You are applying huge aberrations and a relatively small focal plane. So this looks pretty normal. Could you share the code where you setup the pupil plane and focal plane grids? Also you are setting random pixels on the DM surface. Is that what you are trying to do? Because we generally actuate a DM through its actuators: deformable_mirror.actuators = std * np.random.randn(num_modes)

hyunsooCHOI0215 commented 7 months ago

Hello, The reason for the actuator modulation was to compute the Jacobian matrix of DM influence on the focal plane E-field. Therefore, I tried this by flattening all mirror surfaces and then applying a 1m change to each surface. (dm.surface[ind]=1) However, while working on this, figured out total power is not conserved.
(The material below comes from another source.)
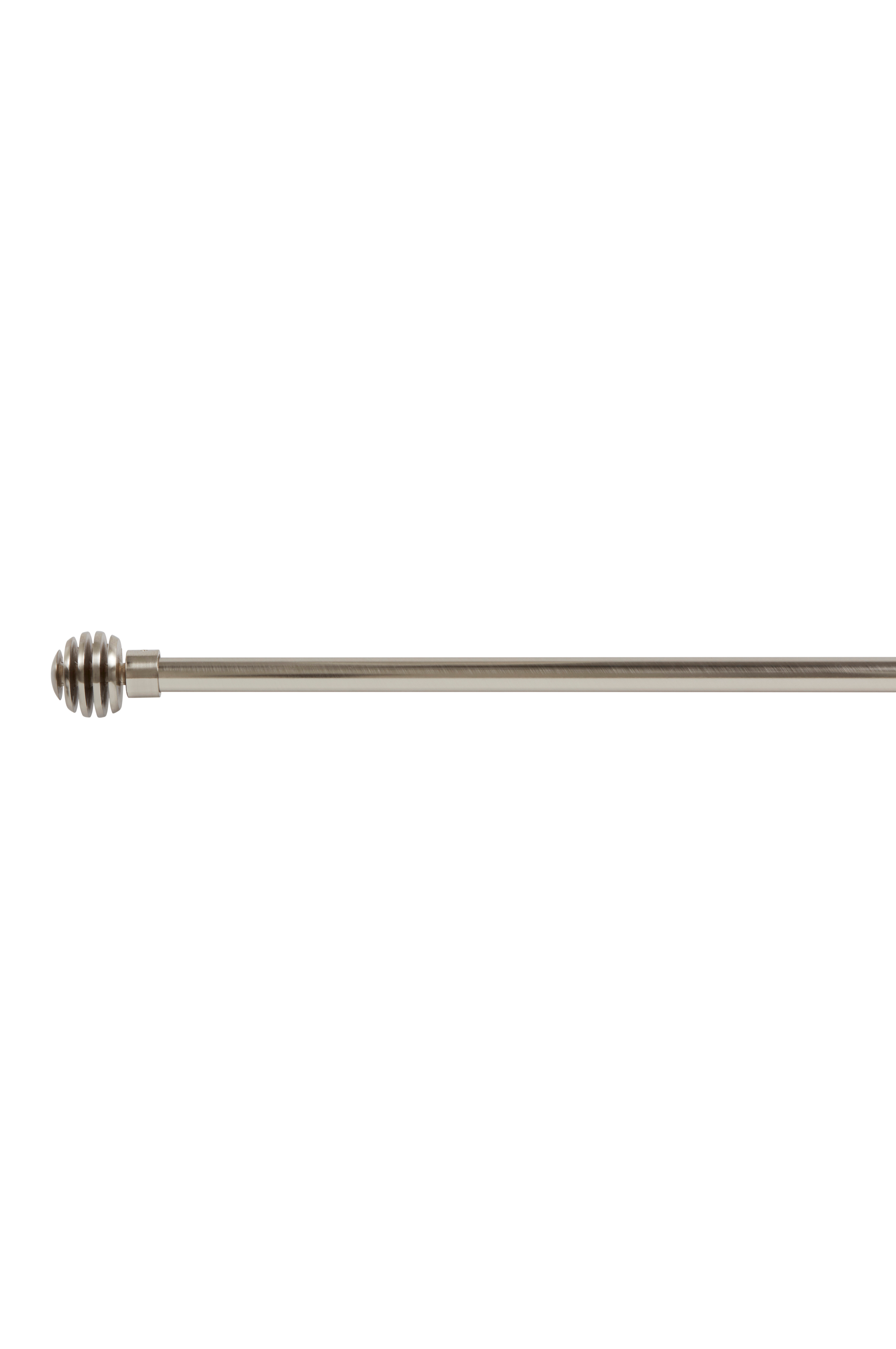 Gardinstang med stang og holder av jern og endeknotter av formstøpt sinklegering. Kirsch AURA er i klassisk og tidløs design. Gardinstangen har regulerbar bredde slik at du ikke trenger nøyaktig standardmål på vinduet. Regulerbare holdere gjør at du selv kan stille inn veggavstanden 10-15 cm, slik at gardinen kan henge fritt og ikke hvile mot vindusbrettet. Settet er komplett med 1 regulerbar gardinstang, 2 endedekorer, 2 regulerbare veggfester, plugg og skrue. Husk at det er underlaget som bestemmer hvilken type festemetode som er best egnet ved montering.

Also, the code for the grids is as follows.

self.num_pupil_pixels_fiber = 64
self D_pupil_fiber = 0.5
self.num_focal_pixels_fiber = 64
D_focus_fiber = 2.1 * 25 * 1e-6

pupil_grid_fiber = make_pupil_grid(self.num_pupil_pixels_fiber, self.D_pupil_fiber)
focal_grid_fiber = make_pupil_grid(self.num_focal_pixels_fiber, D_focus_fiber)

Will this be because applying 1m for each actuator is too huge modulation? Also, what is the maximum height and common action range for the actuator? Tried -1m and 1m and both seem to work and make conjugated modulation but not sure logically -1m makes sense or not...

ehpor commented 7 months ago

+/- 1 meter is way too much to be in the linear regime for an E-field Jacobian. Normally, you'd push by +/- 0.25 waves (= 0.25 * the wavelength of the light) at the very most, but even then you already see non-linearities creep in. We typically use 1nm at 640nm, if we're doing the traditional Jacobian calculation.

And, as Sebastiaan said, power is indeed not conserved going from pupil to focal plane, if the focal plane does not cover the entire field. The power in any part of the focal plane that you are not sampling, is lost and does not count towards photon count.

hyunsooCHOI0215 commented 7 months ago

I see, Yes, it was due to me putting too much modulation on too small area. Thank you all for the help and hope all of you have a great week!